_Exercise directions_. Could you repeat every line below exactly, skipping the images?

[Source material]

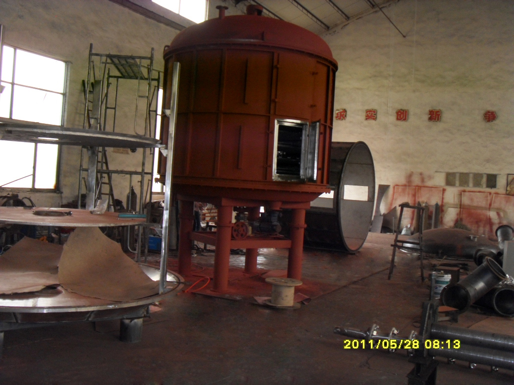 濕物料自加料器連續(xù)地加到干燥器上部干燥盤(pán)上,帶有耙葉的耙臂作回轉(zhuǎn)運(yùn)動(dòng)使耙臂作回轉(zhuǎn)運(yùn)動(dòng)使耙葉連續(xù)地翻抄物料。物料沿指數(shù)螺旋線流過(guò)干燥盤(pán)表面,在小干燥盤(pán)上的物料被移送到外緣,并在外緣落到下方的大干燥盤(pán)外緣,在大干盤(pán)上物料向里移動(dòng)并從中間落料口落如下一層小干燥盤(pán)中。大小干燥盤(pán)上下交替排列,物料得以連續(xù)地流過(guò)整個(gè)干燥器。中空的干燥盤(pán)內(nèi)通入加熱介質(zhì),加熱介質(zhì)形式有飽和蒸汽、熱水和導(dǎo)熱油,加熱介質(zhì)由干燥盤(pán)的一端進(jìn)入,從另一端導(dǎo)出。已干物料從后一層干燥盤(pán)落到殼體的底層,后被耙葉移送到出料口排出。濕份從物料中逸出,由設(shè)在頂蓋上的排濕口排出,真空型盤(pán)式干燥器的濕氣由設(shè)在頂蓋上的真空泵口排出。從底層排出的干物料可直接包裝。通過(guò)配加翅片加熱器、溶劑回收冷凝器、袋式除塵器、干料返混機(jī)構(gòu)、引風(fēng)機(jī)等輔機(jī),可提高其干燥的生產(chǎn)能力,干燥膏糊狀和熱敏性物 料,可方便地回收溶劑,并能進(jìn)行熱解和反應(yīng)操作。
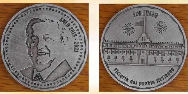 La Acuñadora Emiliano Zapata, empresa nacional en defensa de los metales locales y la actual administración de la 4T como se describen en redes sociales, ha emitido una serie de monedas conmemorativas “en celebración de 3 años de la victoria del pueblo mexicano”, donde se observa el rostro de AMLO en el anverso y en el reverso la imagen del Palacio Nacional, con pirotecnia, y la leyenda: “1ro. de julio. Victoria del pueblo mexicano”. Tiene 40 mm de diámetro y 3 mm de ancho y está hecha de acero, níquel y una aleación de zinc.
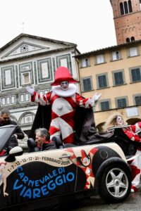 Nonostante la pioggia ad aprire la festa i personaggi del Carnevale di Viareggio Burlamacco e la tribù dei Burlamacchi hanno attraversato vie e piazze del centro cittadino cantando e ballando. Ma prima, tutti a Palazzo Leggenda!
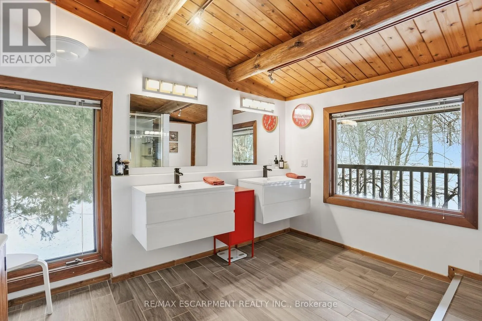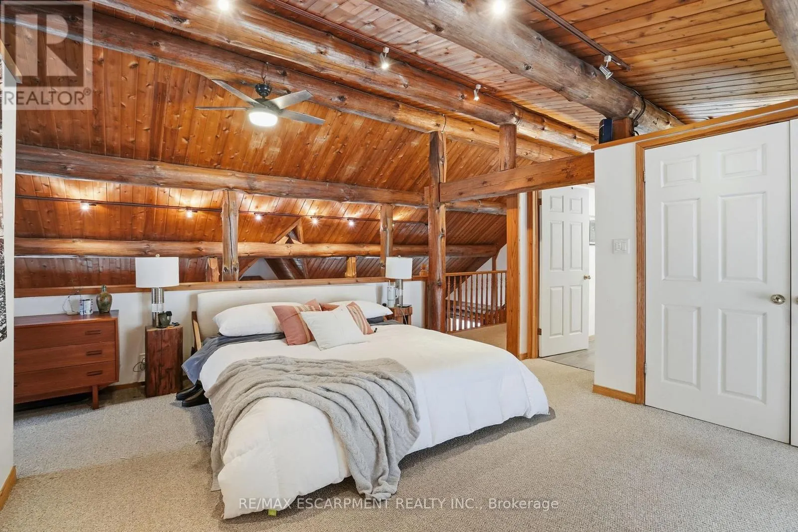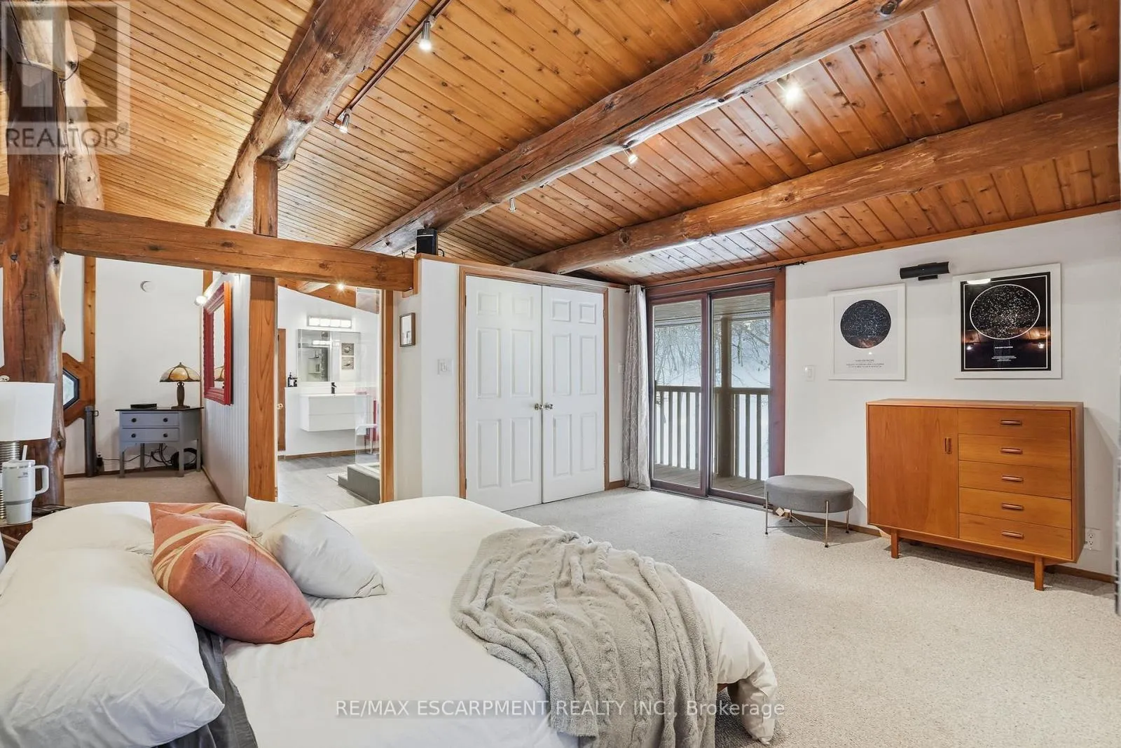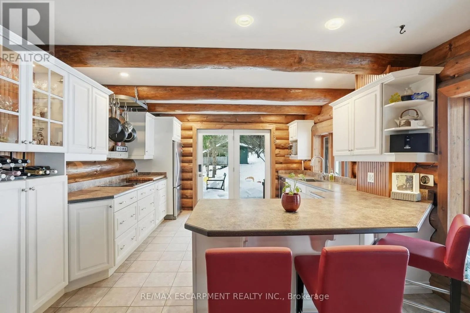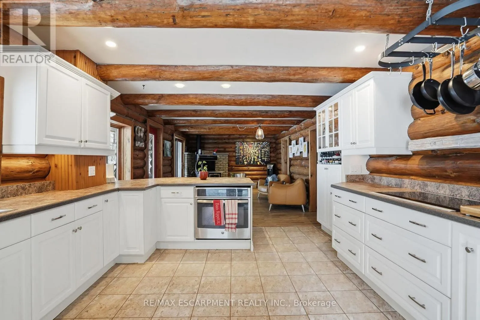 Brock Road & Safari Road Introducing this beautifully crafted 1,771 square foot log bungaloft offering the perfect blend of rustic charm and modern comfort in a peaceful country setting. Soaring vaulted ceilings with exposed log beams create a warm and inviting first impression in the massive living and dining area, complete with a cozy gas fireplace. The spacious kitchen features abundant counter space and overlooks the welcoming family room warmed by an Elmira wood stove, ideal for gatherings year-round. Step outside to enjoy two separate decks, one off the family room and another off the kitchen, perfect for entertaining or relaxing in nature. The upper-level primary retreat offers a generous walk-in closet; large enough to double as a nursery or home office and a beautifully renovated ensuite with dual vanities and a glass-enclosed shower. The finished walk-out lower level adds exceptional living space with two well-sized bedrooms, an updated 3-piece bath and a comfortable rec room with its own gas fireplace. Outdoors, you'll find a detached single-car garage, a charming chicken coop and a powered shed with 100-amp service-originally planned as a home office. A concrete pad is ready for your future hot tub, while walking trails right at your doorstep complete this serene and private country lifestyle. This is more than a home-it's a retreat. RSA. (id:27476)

[/Source material]

_Response to this exercise_.
 濕物料自加料器連續(xù)地加到干燥器上部干燥盤(pán)上,帶有耙葉的耙臂作回轉(zhuǎn)運(yùn)動(dòng)使耙臂作回轉(zhuǎn)運(yùn)動(dòng)使耙葉連續(xù)地翻抄物料。物料沿指數(shù)螺旋線流過(guò)干燥盤(pán)表面,在小干燥盤(pán)上的物料被移送到外緣,并在外緣落到下方的大干燥盤(pán)外緣,在大干盤(pán)上物料向里移動(dòng)并從中間落料口落如下一層小干燥盤(pán)中。大小干燥盤(pán)上下交替排列,物料得以連續(xù)地流過(guò)整個(gè)干燥器。中空的干燥盤(pán)內(nèi)通入加熱介質(zhì),加熱介質(zhì)形式有飽和蒸汽、熱水和導(dǎo)熱油,加熱介質(zhì)由干燥盤(pán)的一端進(jìn)入,從另一端導(dǎo)出。已干物料從后一層干燥盤(pán)落到殼體的底層,后被耙葉移送到出料口排出。濕份從物料中逸出,由設(shè)在頂蓋上的排濕口排出,真空型盤(pán)式干燥器的濕氣由設(shè)在頂蓋上的真空泵口排出。從底層排出的干物料可直接包裝。通過(guò)配加翅片加熱器、溶劑回收冷凝器、袋式除塵器、干料返混機(jī)構(gòu)、引風(fēng)機(jī)等輔機(jī),可提高其干燥的生產(chǎn)能力,干燥膏糊狀和熱敏性物 料,可方便地回收溶劑,并能進(jìn)行熱解和反應(yīng)操作。
 La Acuñadora Emiliano Zapata, empresa nacional en defensa de los metales locales y la actual administración de la 4T como se describen en redes sociales, ha emitido una serie de monedas conmemorativas “en celebración de 3 años de la victoria del pueblo mexicano”, donde se observa el rostro de AMLO en el anverso y en el reverso la imagen del Palacio Nacional, con pirotecnia, y la leyenda: “1ro. de julio. Victoria del pueblo mexicano”. Tiene 40 mm de diámetro y 3 mm de ancho y está hecha de acero, níquel y una aleación de zinc.
 Nonostante la pioggia ad aprire la festa i personaggi del Carnevale di Viareggio Burlamacco e la tribù dei Burlamacchi hanno attraversato vie e piazze del centro cittadino cantando e ballando. Ma prima, tutti a Palazzo Leggenda!
 Brock Road & Safari Road Introducing this beautifully crafted 1,771 square foot log bungaloft offering the perfect blend of rustic charm and modern comfort in a peaceful country setting. Soaring vaulted ceilings with exposed log beams create a warm and inviting first impression in the massive living and dining area, complete with a cozy gas fireplace. The spacious kitchen features abundant counter space and overlooks the welcoming family room warmed by an Elmira wood stove, ideal for gatherings year-round. Step outside to enjoy two separate decks, one off the family room and another off the kitchen, perfect for entertaining or relaxing in nature. The upper-level primary retreat offers a generous walk-in closet; large enough to double as a nursery or home office and a beautifully renovated ensuite with dual vanities and a glass-enclosed shower. The finished walk-out lower level adds exceptional living space with two well-sized bedrooms, an updated 3-piece bath and a comfortable rec room with its own gas fireplace. Outdoors, you'll find a detached single-car garage, a charming chicken coop and a powered shed with 100-amp service-originally planned as a home office. A concrete pad is ready for your future hot tub, while walking trails right at your doorstep complete this serene and private country lifestyle. This is more than a home-it's a retreat. RSA. (id:27476)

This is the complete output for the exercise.